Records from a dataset

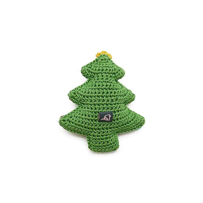 Adorable crochet dog toy. This cute Christmas tree is outfitted with ornaments and a squeaker inside! Hours of fun for your pooch. Measures about 4 inches long.
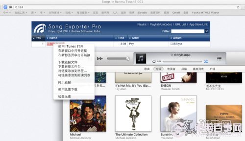 相比需要切换浏览器内核的Windows平台,在自家的MAC OS平台上打开这个网址后的操作就要简便的多。直接点击会启动下载工具进行下载,在快捷菜单中用使用iTunes打开,可以直接进行播放。
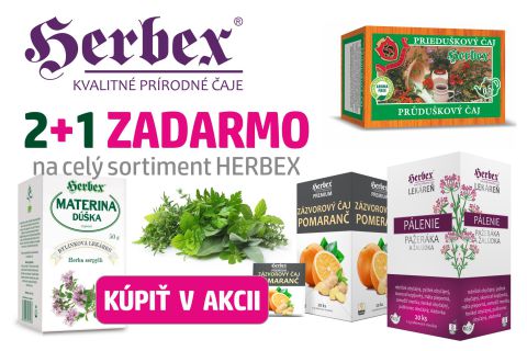 Pri kúpe 3 produktov značky Herbex získate najlacnejší produkt zadarmo. Akcia platí do 30.11.2025
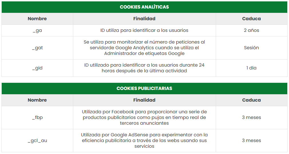 - Cookies Analíticas: Son cookies que tienen por finalidad el mantenimiento periódico y garantizar el mejor funcionamiento y servicio al usuario; recopilando datos de tu actividad.
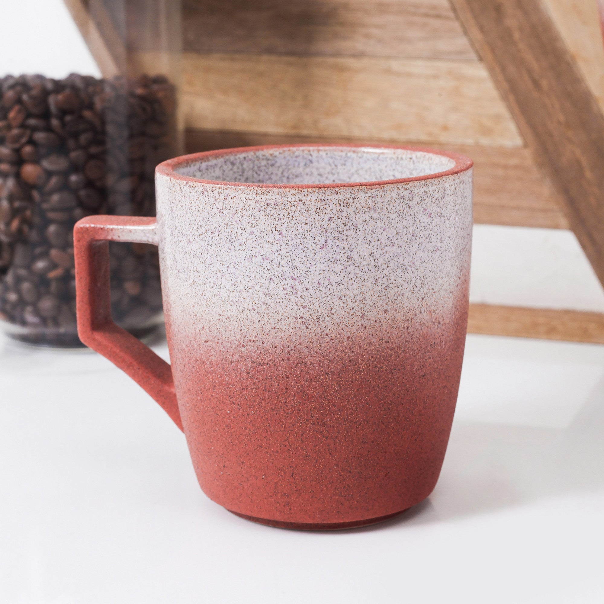- Design: A classic mug shape with straight vertical sides, a simple angular handle, and a wide, smooth rim. The exterior features a solid color gradient from reddish-brown to white, while the interior rim has a speckled design.
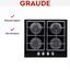 Конфорки располагаются на панели из черного закаленного стекла. Она гармонично и стильно сочетается с чугунными держателями. Регуляторы в цвете нержавеющая сталь дополняют современный образ модели. Ручки легко крутятся для комфортной настройки уровня мощности. В каждый элемент интегрирован автоматический электроподжиг.
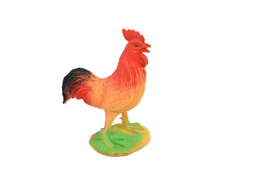 Rooster, Chicken, Red Rooster, Hand Painted, Realistic, Plastic Animal Design, Barn Bird, Educational, Diorama Model, Lifelike, Toy, 4 1/2 Inches.
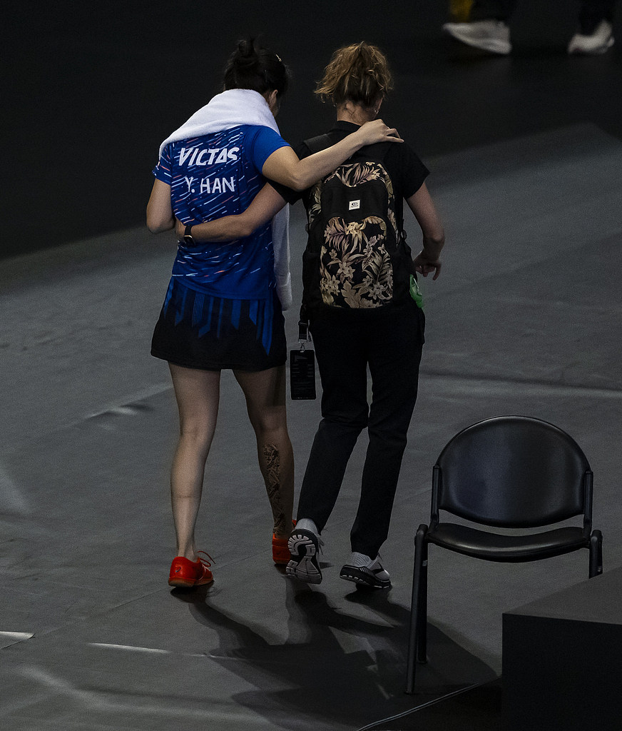 当地时间2024年1月11日,2024WTT多哈球星挑战赛女单1/16决赛,韩莹因跟腱断裂退赛。视觉中国 图
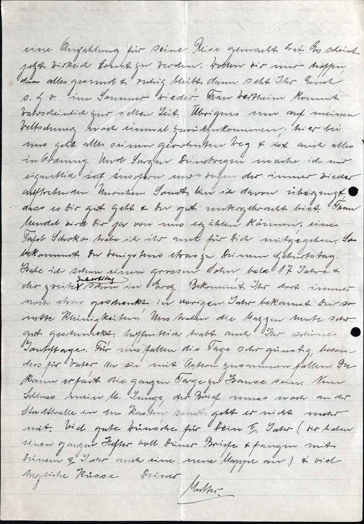 eine Anzahlung für seine Reise gemacht hat. Es scheint jetzt wirklich Ernst zu werden. Wollen wir nur hoffen, dass alles gesund & ruhig bleibt, dann seht Ihr Euch s. G. w. im Sommer wieder. Frau Wertheim kommt wahrscheinlich zur selben Zeit. Übrigens um auf meinen Weltschmerz noch einmal zurückzukommen; hier bei uns geht alles seinen gewohnten Weg & ist auch alles in Ordnung. Und Sorgen Deinetwegen mache ich mir eigentlich insofern nur wegen der immer wieder auftretenden Unruhen. Sonst bin ich davon überzeugt, dass es Dir gut geht & Du gut untergebracht bist. Frau Mendel wird Dir ja von uns erzählen können; eine Tafel Schoko habe ich ihr auch für Dich mitgegeben. So bekommst Du wenigstens etwas zu Deinem Geburtstag. Habe ich schon einen grossen Sohn, bald 17 Jahre & der zweite Geburtstag schon in Erez. Bekommt Ihr dort immer noch etwas geschenkt, im vorigen Jahr bekamst Du so nette Kleinigkeiten. Uns haben die Mazzen heute sehr gut geschmeckt, hoffentlich habt auch Ihr schöne Jonteftage. Für uns fallen die Tage sehr günstig, besonders für Vater, da sie mit Ostern zusammen fallen. Da kann er fast die ganzen Tage zu Hause sein. Nun Schluss mein lb. Junge, der Brief muss noch an der Stadthalle in den Kasten, sonst geht er nicht mehr mit. Viel gute Wünsche für Dein II. Jahr (wir haben einen ganzen Hefter voll Deiner Briefe & fangen mit Deinem 2. Jahr auch eine neue Mappe an) & viel herzliche Küsse Deiner
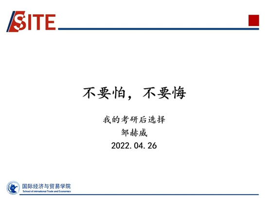 邹赫威员工结合自身考研二战成功经历,为同学们分析了考研一战失利之后,在调剂、继续考研和直接就业三条路之间的利弊权衡。他从准备过程、心态调整等细节入手,为大家提供了许多有益的建议。赫威员工的分享以“不要怕,不要悔”结尾,鼓励同学们勇敢地为梦拼搏,在做出抉择之后就坚定不移地坚持。

Assignment
Retype each line above exactly. Leave the images out.

Task response
 Adorable crochet dog toy. This cute Christmas tree is outfitted with ornaments and a squeaker inside! Hours of fun for your pooch. Measures about 4 inches long.
 相比需要切换浏览器内核的Windows平台,在自家的MAC OS平台上打开这个网址后的操作就要简便的多。直接点击会启动下载工具进行下载,在快捷菜单中用使用iTunes打开,可以直接进行播放。
 Pri kúpe 3 produktov značky Herbex získate najlacnejší produkt zadarmo. Akcia platí do 30.11.2025
 - Cookies Analíticas: Son cookies que tienen por finalidad el mantenimiento periódico y garantizar el mejor funcionamiento y servicio al usuario; recopilando datos de tu actividad.
- Design: A classic mug shape with straight vertical sides, a simple angular handle, and a wide, smooth rim. The exterior features a solid color gradient from reddish-brown to white, while the interior rim has a speckled design.
 Конфорки располагаются на панели из черного закаленного стекла. Она гармонично и стильно сочетается с чугунными держателями. Регуляторы в цвете нержавеющая сталь дополняют современный образ модели. Ручки легко крутятся для комфортной настройки уровня мощности. В каждый элемент интегрирован автоматический электроподжиг.
 Rooster, Chicken, Red Rooster, Hand Painted, Realistic, Plastic Animal Design, Barn Bird, Educational, Diorama Model, Lifelike, Toy, 4 1/2 Inches.
 当地时间2024年1月11日,2024WTT多哈球星挑战赛女单1/16决赛,韩莹因跟腱断裂退赛。视觉中国 图
 eine Anzahlung für seine Reise gemacht hat. Es scheint jetzt wirklich Ernst zu werden. Wollen wir nur hoffen, dass alles gesund & ruhig bleibt, dann seht Ihr Euch s. G. w. im Sommer wieder. Frau Wertheim kommt wahrscheinlich zur selben Zeit. Übrigens um auf meinen Weltschmerz noch einmal zurückzukommen; hier bei uns geht alles seinen gewohnten Weg & ist auch alles in Ordnung. Und Sorgen Deinetwegen mache ich mir eigentlich insofern nur wegen der immer wieder auftretenden Unruhen. Sonst bin ich davon überzeugt, dass es Dir gut geht & Du gut untergebracht bist. Frau Mendel wird Dir ja von uns erzählen können; eine Tafel Schoko habe ich ihr auch für Dich mitgegeben. So bekommst Du wenigstens etwas zu Deinem Geburtstag. Habe ich schon einen grossen Sohn, bald 17 Jahre & der zweite Geburtstag schon in Erez. Bekommt Ihr dort immer noch etwas geschenkt, im vorigen Jahr bekamst Du so nette Kleinigkeiten. Uns haben die Mazzen heute sehr gut geschmeckt, hoffentlich habt auch Ihr schöne Jonteftage. Für uns fallen die Tage sehr günstig, besonders für Vater, da sie mit Ostern zusammen fallen. Da kann er fast die ganzen Tage zu Hause sein. Nun Schluss mein lb. Junge, der Brief muss noch an der Stadthalle in den Kasten, sonst geht er nicht mehr mit. Viel gute Wünsche für Dein II. Jahr (wir haben einen ganzen Hefter voll Deiner Briefe & fangen mit Deinem 2. Jahr auch eine neue Mappe an) & viel herzliche Küsse Deiner
 邹赫威员工结合自身考研二战成功经历,为同学们分析了考研一战失利之后,在调剂、继续考研和直接就业三条路之间的利弊权衡。他从准备过程、心态调整等细节入手,为大家提供了许多有益的建议。赫威员工的分享以“不要怕,不要悔”结尾,鼓励同学们勇敢地为梦拼搏,在做出抉择之后就坚定不移地坚持。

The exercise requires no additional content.